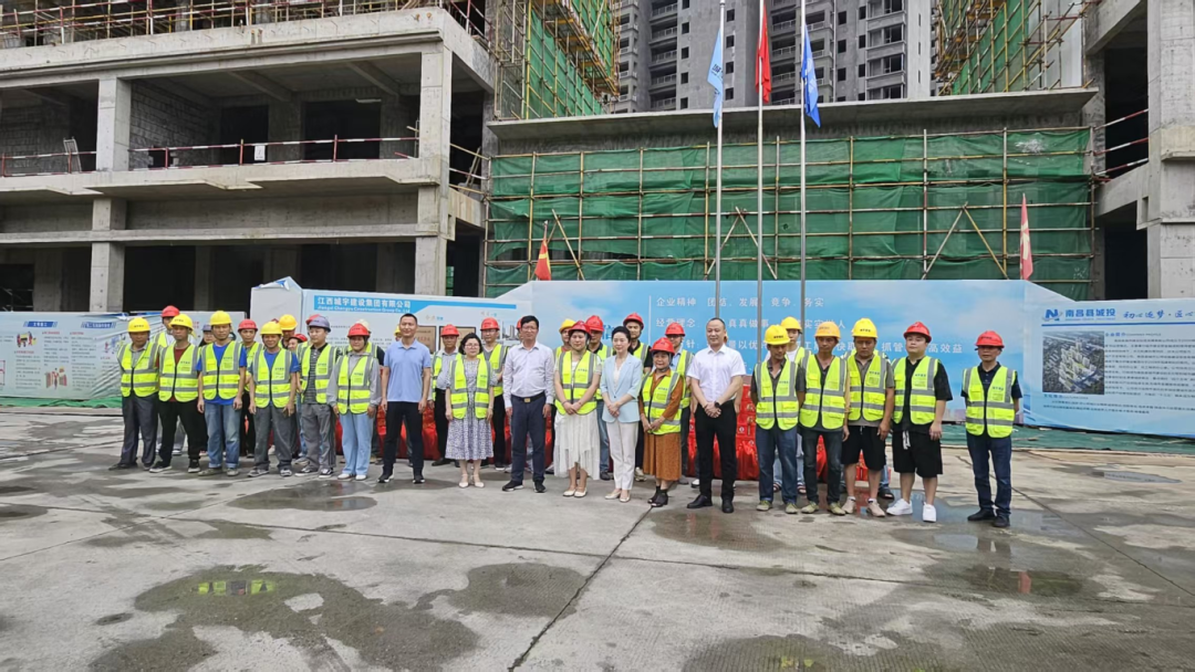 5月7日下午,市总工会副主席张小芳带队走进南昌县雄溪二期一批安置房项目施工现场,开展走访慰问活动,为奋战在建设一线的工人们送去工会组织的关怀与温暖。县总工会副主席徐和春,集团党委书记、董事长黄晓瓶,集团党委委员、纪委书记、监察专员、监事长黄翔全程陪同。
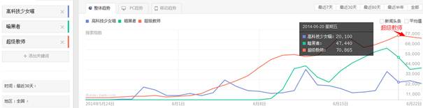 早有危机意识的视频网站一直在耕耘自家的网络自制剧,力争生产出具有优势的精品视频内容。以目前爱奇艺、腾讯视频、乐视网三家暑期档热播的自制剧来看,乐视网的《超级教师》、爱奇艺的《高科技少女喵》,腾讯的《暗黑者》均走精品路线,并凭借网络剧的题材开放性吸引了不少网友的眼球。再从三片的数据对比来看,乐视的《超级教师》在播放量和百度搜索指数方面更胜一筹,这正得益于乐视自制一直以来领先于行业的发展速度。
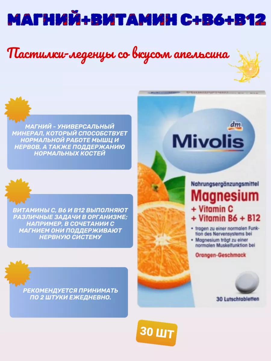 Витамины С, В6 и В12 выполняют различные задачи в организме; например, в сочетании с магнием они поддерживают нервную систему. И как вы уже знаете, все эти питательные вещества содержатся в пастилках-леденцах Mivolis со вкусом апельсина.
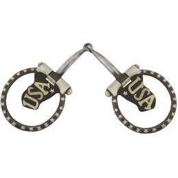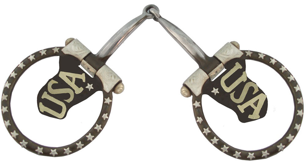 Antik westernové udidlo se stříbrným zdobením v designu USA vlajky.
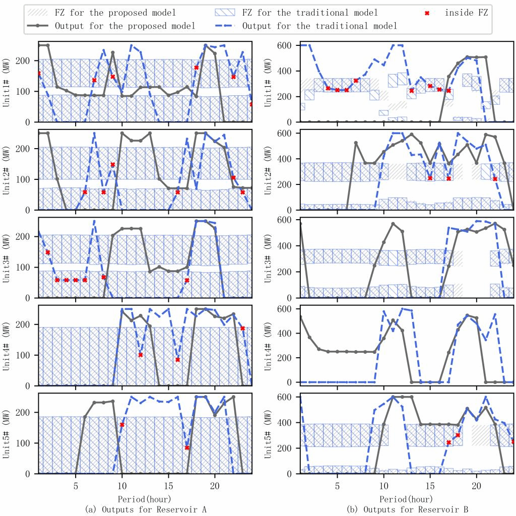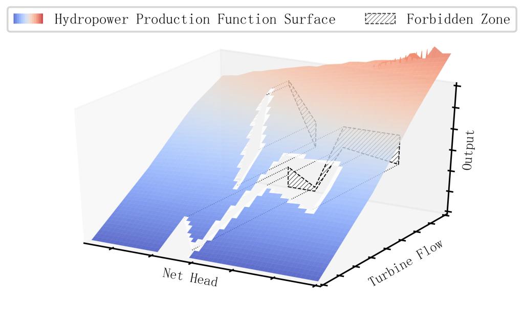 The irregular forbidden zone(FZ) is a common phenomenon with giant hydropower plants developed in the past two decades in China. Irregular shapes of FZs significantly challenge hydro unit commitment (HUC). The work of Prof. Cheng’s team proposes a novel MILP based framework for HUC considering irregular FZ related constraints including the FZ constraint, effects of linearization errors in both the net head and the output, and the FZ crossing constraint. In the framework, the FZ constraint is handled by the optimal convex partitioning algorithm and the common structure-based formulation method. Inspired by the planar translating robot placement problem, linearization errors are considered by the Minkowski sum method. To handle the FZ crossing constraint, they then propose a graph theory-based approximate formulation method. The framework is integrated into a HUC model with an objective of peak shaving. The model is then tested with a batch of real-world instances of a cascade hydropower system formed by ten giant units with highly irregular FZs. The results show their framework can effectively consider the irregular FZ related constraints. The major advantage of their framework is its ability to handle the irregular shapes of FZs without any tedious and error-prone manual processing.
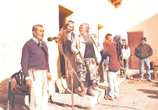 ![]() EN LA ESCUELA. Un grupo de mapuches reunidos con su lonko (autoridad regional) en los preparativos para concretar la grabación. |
****************
= EXERCISE BRIEF =
Would you set down the records exactly, with no pictures included?

= RESULT OF THE TASK =
 5月7日下午,市总工会副主席张小芳带队走进南昌县雄溪二期一批安置房项目施工现场,开展走访慰问活动,为奋战在建设一线的工人们送去工会组织的关怀与温暖。县总工会副主席徐和春,集团党委书记、董事长黄晓瓶,集团党委委员、纪委书记、监察专员、监事长黄翔全程陪同。
 早有危机意识的视频网站一直在耕耘自家的网络自制剧,力争生产出具有优势的精品视频内容。以目前爱奇艺、腾讯视频、乐视网三家暑期档热播的自制剧来看,乐视网的《超级教师》、爱奇艺的《高科技少女喵》,腾讯的《暗黑者》均走精品路线,并凭借网络剧的题材开放性吸引了不少网友的眼球。再从三片的数据对比来看,乐视的《超级教师》在播放量和百度搜索指数方面更胜一筹,这正得益于乐视自制一直以来领先于行业的发展速度。
 Витамины С, В6 и В12 выполняют различные задачи в организме; например, в сочетании с магнием они поддерживают нервную систему. И как вы уже знаете, все эти питательные вещества содержатся в пастилках-леденцах Mivolis со вкусом апельсина.
 Antik westernové udidlo se stříbrným zdobením v designu USA vlajky.
 The irregular forbidden zone(FZ) is a common phenomenon with giant hydropower plants developed in the past two decades in China. Irregular shapes of FZs significantly challenge hydro unit commitment (HUC). The work of Prof. Cheng’s team proposes a novel MILP based framework for HUC considering irregular FZ related constraints including the FZ constraint, effects of linearization errors in both the net head and the output, and the FZ crossing constraint. In the framework, the FZ constraint is handled by the optimal convex partitioning algorithm and the common structure-based formulation method. Inspired by the planar translating robot placement problem, linearization errors are considered by the Minkowski sum method. To handle the FZ crossing constraint, they then propose a graph theory-based approximate formulation method. The framework is integrated into a HUC model with an objective of peak shaving. The model is then tested with a batch of real-world instances of a cascade hydropower system formed by ten giant units with highly irregular FZs. The results show their framework can effectively consider the irregular FZ related constraints. The major advantage of their framework is its ability to handle the irregular shapes of FZs without any tedious and error-prone manual processing.
 ![]() EN LA ESCUELA. Un grupo de mapuches reunidos con su lonko (autoridad regional) en los preparativos para concretar la grabación. |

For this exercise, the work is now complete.